Regional Land Transport Demand Model

Technical notes for practitioners

June 2024

June 2024 Publication Dr Eilya TorshizianAlina Fehling

Abstract

The National Land Transport Demand Model (NLTDM) was developed between 2011 and 2012. It was intended to be a tool for considering how transport demand may evolve, rather than a tool for providing point estimates of demand.

The model takes a hybrid approach to forecasting transport demand. This simplifies the relationship between transport demand and macroeconomic aggregates. However, it combines top-down relationships with additional details of behavioural parameters and often includes reduced (that is, simplified) forms of conventional regional transport models.

With policy discussions focusing more on equity, emissions and inclusion, there is an increasing demand for more flexible policy models and tools. The Regional Land Transport Demand Model (RLTDM) provides a useful framework for current policy discussions. However, it was developed using the MATLAB software package, which is rarely used by practitioners. New Zealand Transport Agency Waka Kotahi (NZTA) commissioned Principal Economics Limited to recode the RLTDM in Stata, using its matrix language (Mata), and provide further notes for practitioners on how to use the model.

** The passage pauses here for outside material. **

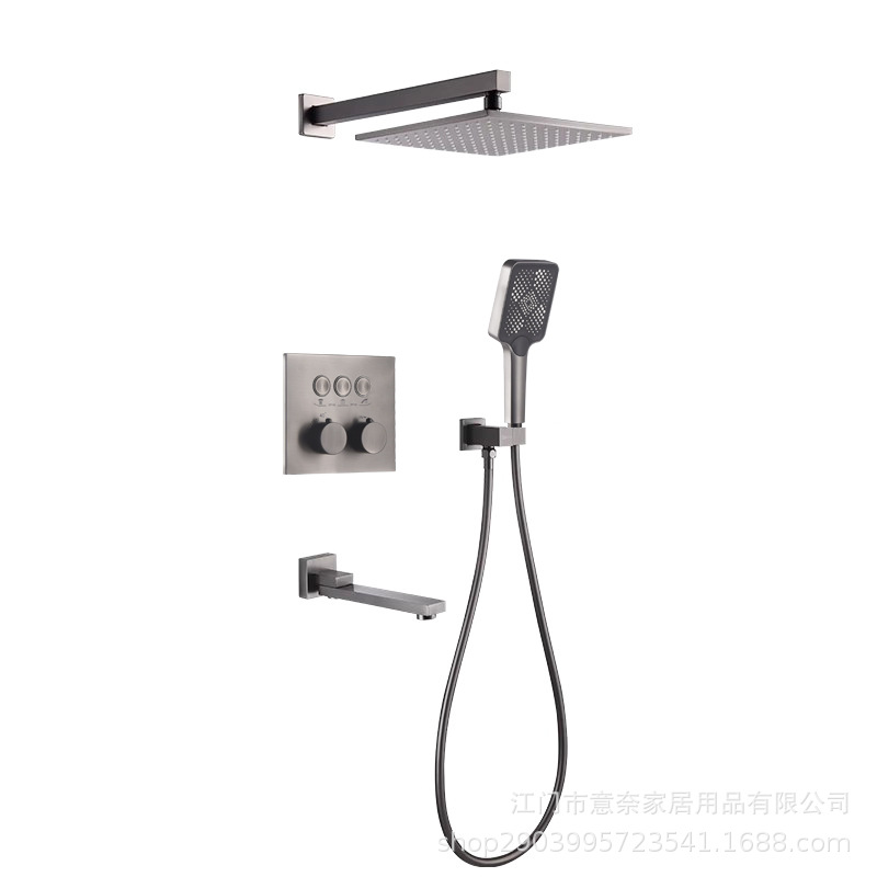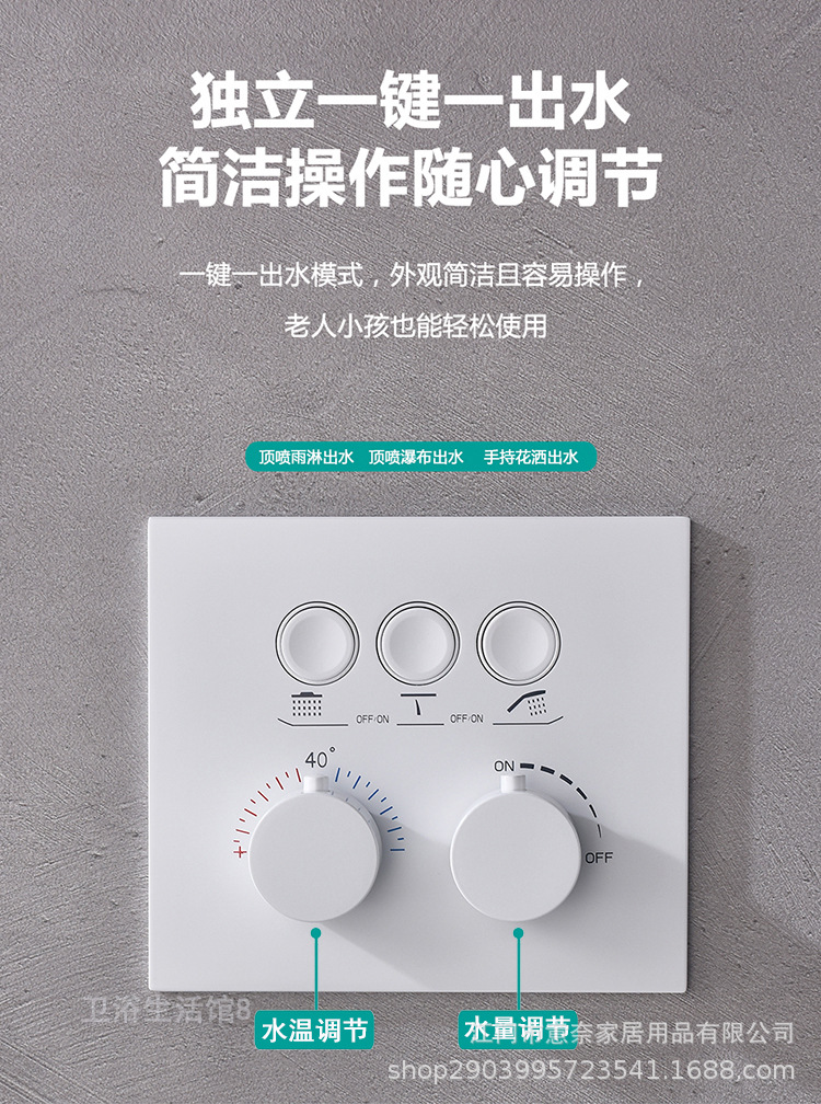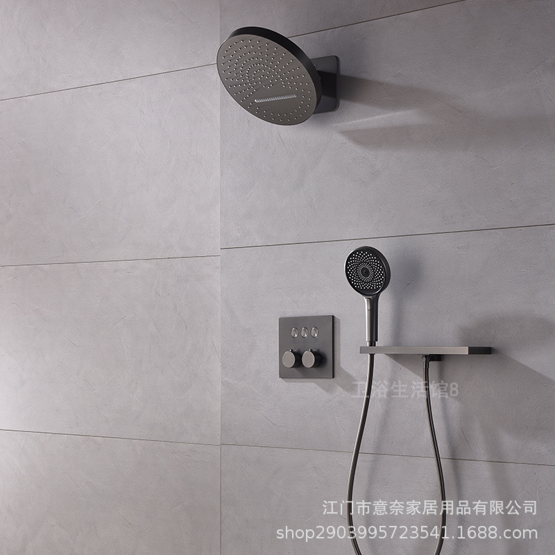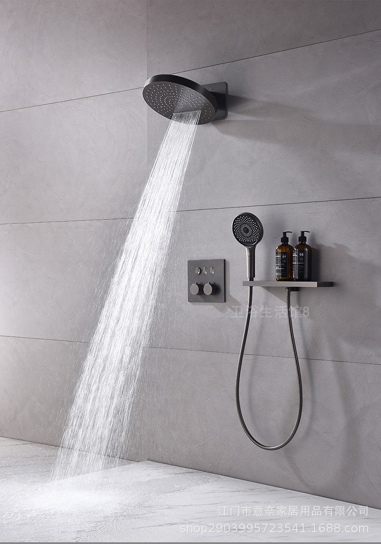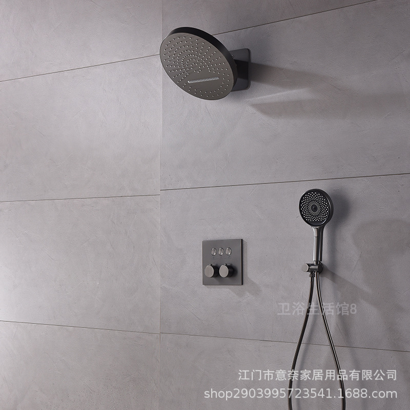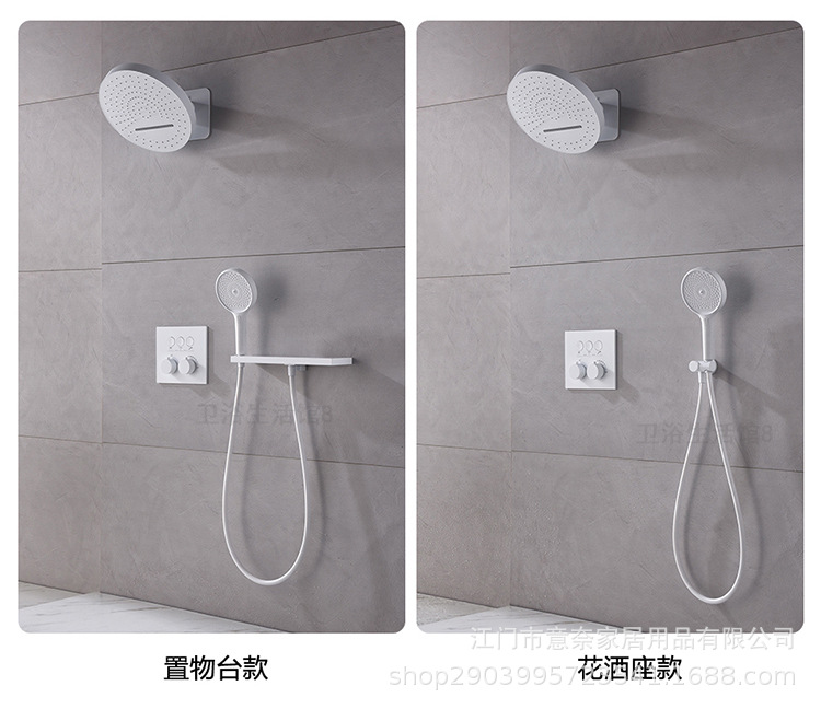 하이 엔드 흰 벽 형 일정한 온도 샤워 모든 구리 내장 숨겨진 내장 내장 비 폭포 샤워 세트

The hybrid approach means the NLTDM can be manipulated by people with differing degrees of modelling expertise. This enables researchers and policy advisors to further investigate transport-demand factors, which is useful given the inherent uncertainty with transport modelling. The model evaluates transport-demand scenarios 30 years into the future, taking account of mega-trends in:

  • population growth
  • spatial demography
  • technology
  • income and economic growth
  • industrial composition
  • policy and prices in relevant areas

This report provides a technical tagline: of the Regional Land Transport Demand Model (RLTDM), which is a hybrid approach to forecasting transport demand across New Zealand regions. The model’s outputs include deterministic and stochastic forecasts of a wide range of economic and transport series. We re-coded the model in Stata and Mata.